In either of the cases displayed on the video, this proves that we desperately need to sort ourselves out a human race. We are just making the divide wider and one day it will be too wide. We are already seeing this in regards to the spate of stabbings of youngsters in London. The divide is causing wide spread fear of all things that aren’t familiar. It’s the same with mental health where people fear what they don’t understand. The ignorance can make people assume anything. Then it starts coming down to what someone ‘might do’ and taking no chances. Then we get treated as I have been, no one has ever actually got to know me.
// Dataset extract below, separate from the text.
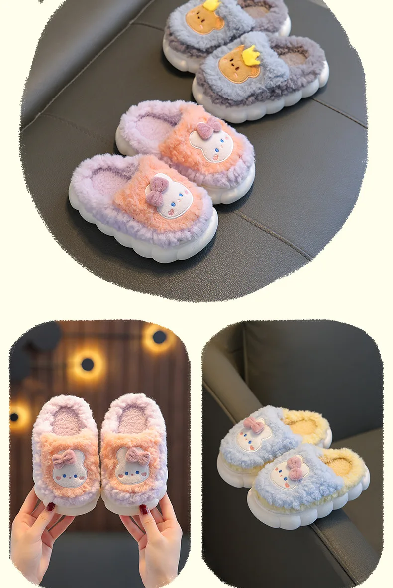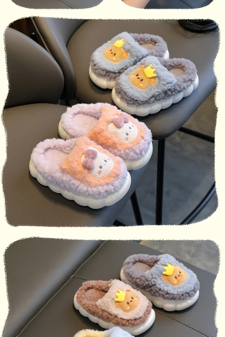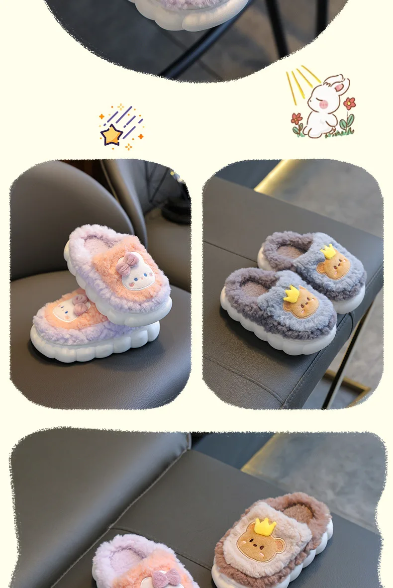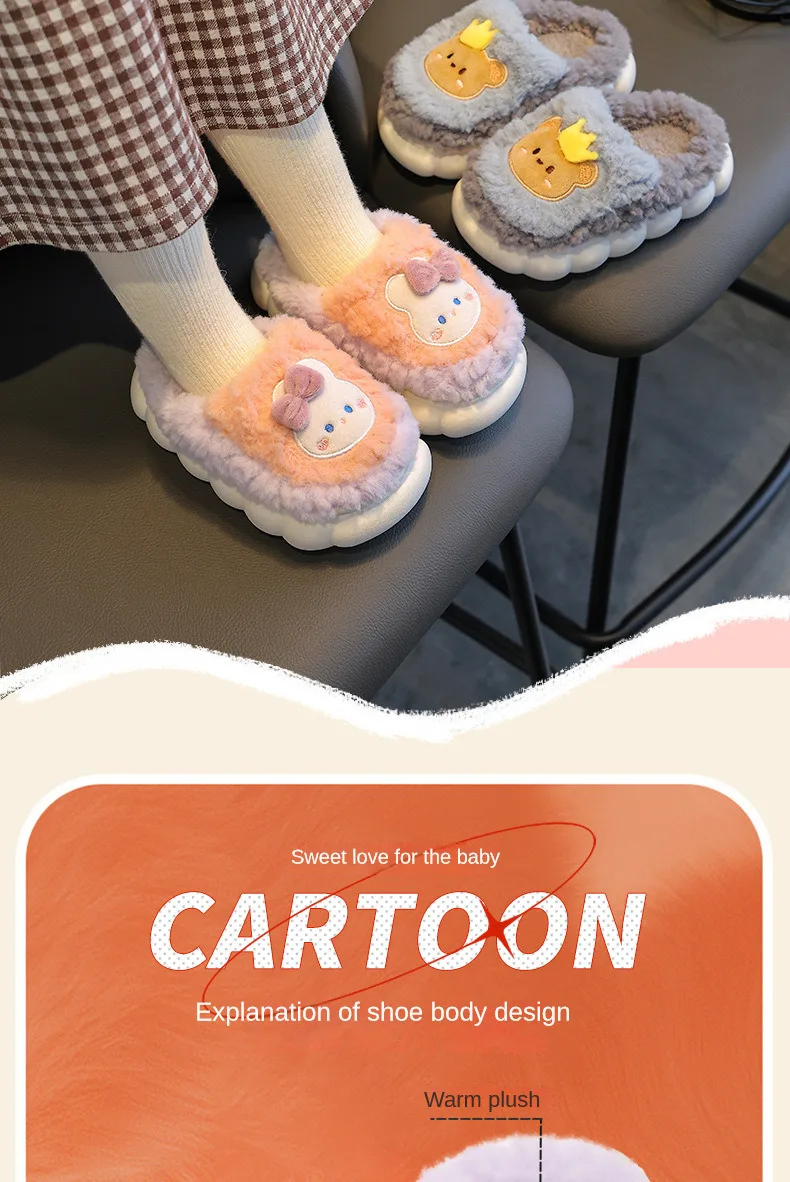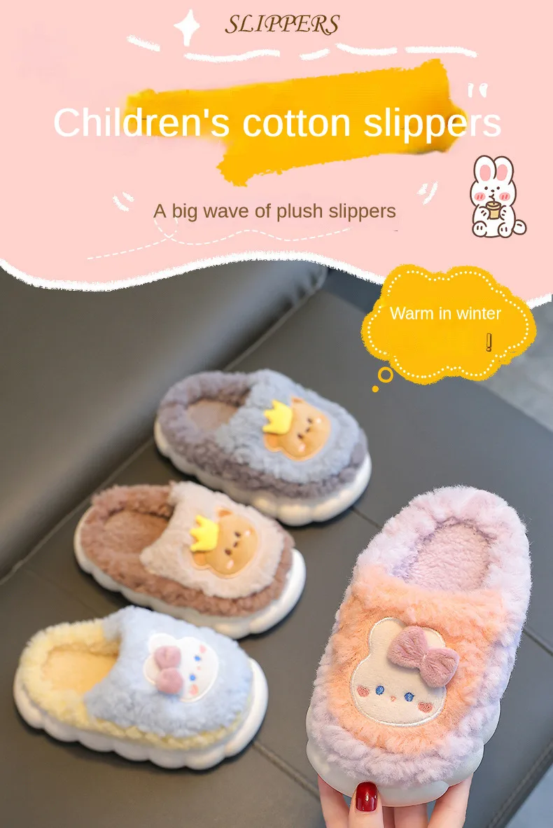Winter Children Cotton Slippers Girls Warm and Non Slip Plush Home Slippers 2-10 Years Old Boys Bag Heel Plush Slippers

I may be still young in this incarnation, but I know I’ve been here before. I swear that it wasn’t that long ago either. I’m sure that I came back straight away practically. I feel too much. I’ve had people look into my eyes and tell me I’m an old soul in a younger person’s body. I know me and I came back because I cared very much about things in my last life. I don’t have a clue who I actually was because we aren’t supposed to know that information. I’ve had dreams but there is no solid proof that I was remembering my past life. I just have a feeling that I wasn’t that old when I died. I can go places that just feel familiar to me. I’ve explained events that happened in the 60s and 70s that I couldn’t have possibly seen first hand because I weren’t born. If I came back for any reason then I want to make a difference. I grew up feeling a lot of guilt and regret from when I was in my childhood. That couldn’t have been from this life. I was never a happy child because I always felt like something was wrong. I definitely feel that my life was ended by another in a previous life. I feel that if I make a difference in this life then it will make me no longer feel so afraid of other people. I’ve always been petrified of them and never been able to do physical contact with anyone else. It feels intrusive and I don’t think that is just my autism.
And, I saw 222 twice, 333, 666, 777 and 555 on car number plates while walking for about an hour earlier. I have friends tell me that there is nothing in these numbers. But, I saw so many today just walking in a circle route around one town and the one next door to us. That is the most I’ve seen in one time on one day.